■ INSTRUCTIONS FOR THE TASK
Quote the whole listing word for word. Do not include the pictures.

■ INFORMATION PROVIDED

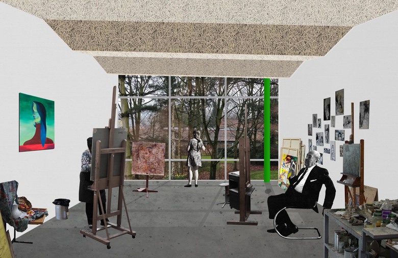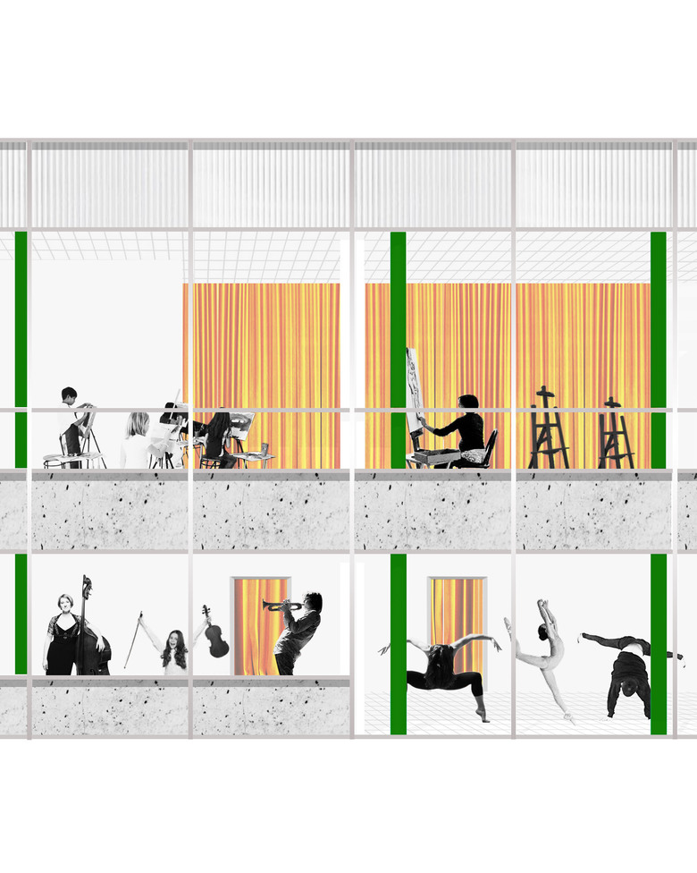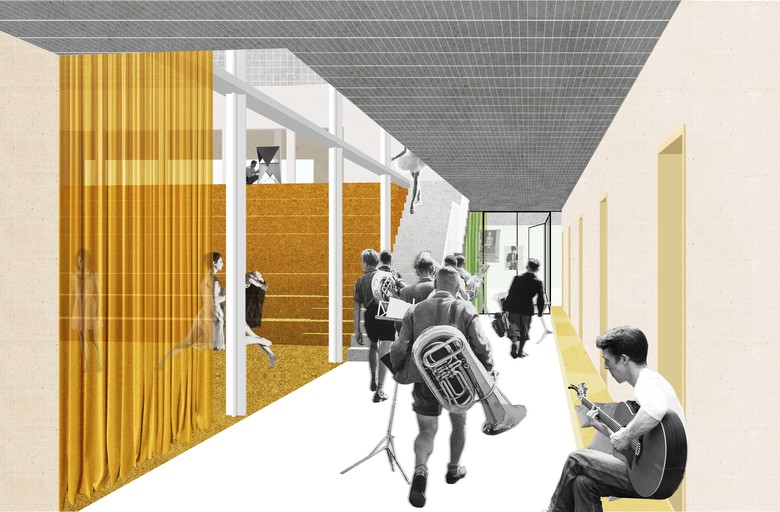 The original renovation plans reveal how the as-built is apparently incomplete: certain wings remain unbuilt, leaving a somewhat amputated-looking building from the outside. Inside however, the open and tactile sub-reality of the creative community reveals itself: for lack of a core communal space where the different art forms can meet, the corridors are packed with supplies, art pieces, instruments and installation tools.
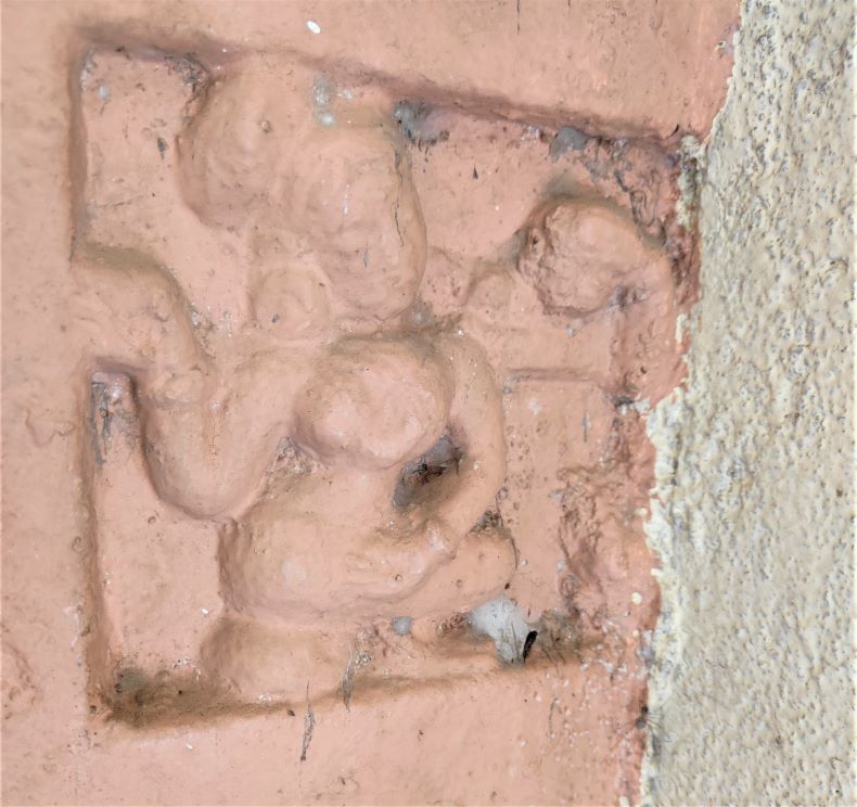 On the western side, a pun-in-sculpture and a human figure with three legs is carved.
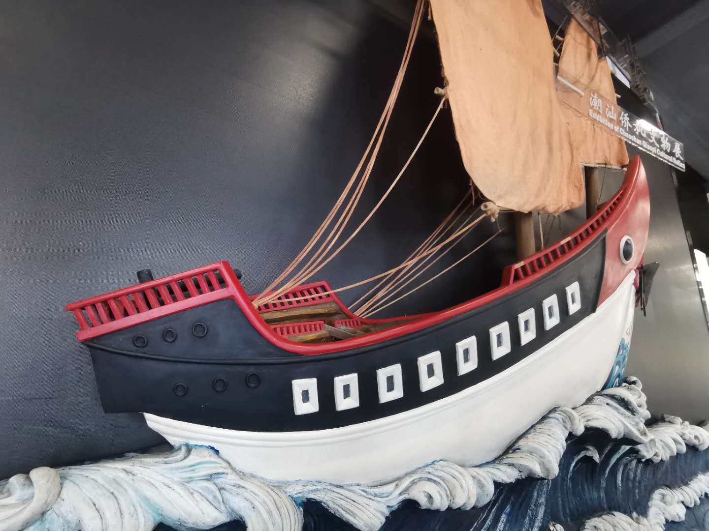 △当年潮汕人到海外谋生,出洋所乘的是这种高桅杆的红头船。如今红头船已成为潮汕人“团结 拼搏 拓展 创新”的精神象征。(总台央视记者杨波拍摄)

■ TASK SOLUTION
 The original renovation plans reveal how the as-built is apparently incomplete: certain wings remain unbuilt, leaving a somewhat amputated-looking building from the outside. Inside however, the open and tactile sub-reality of the creative community reveals itself: for lack of a core communal space where the different art forms can meet, the corridors are packed with supplies, art pieces, instruments and installation tools.
 On the western side, a pun-in-sculpture and a human figure with three legs is carved.
 △当年潮汕人到海外谋生,出洋所乘的是这种高桅杆的红头船。如今红头船已成为潮汕人“团结 拼搏 拓展 创新”的精神象征。(总台央视记者杨波拍摄)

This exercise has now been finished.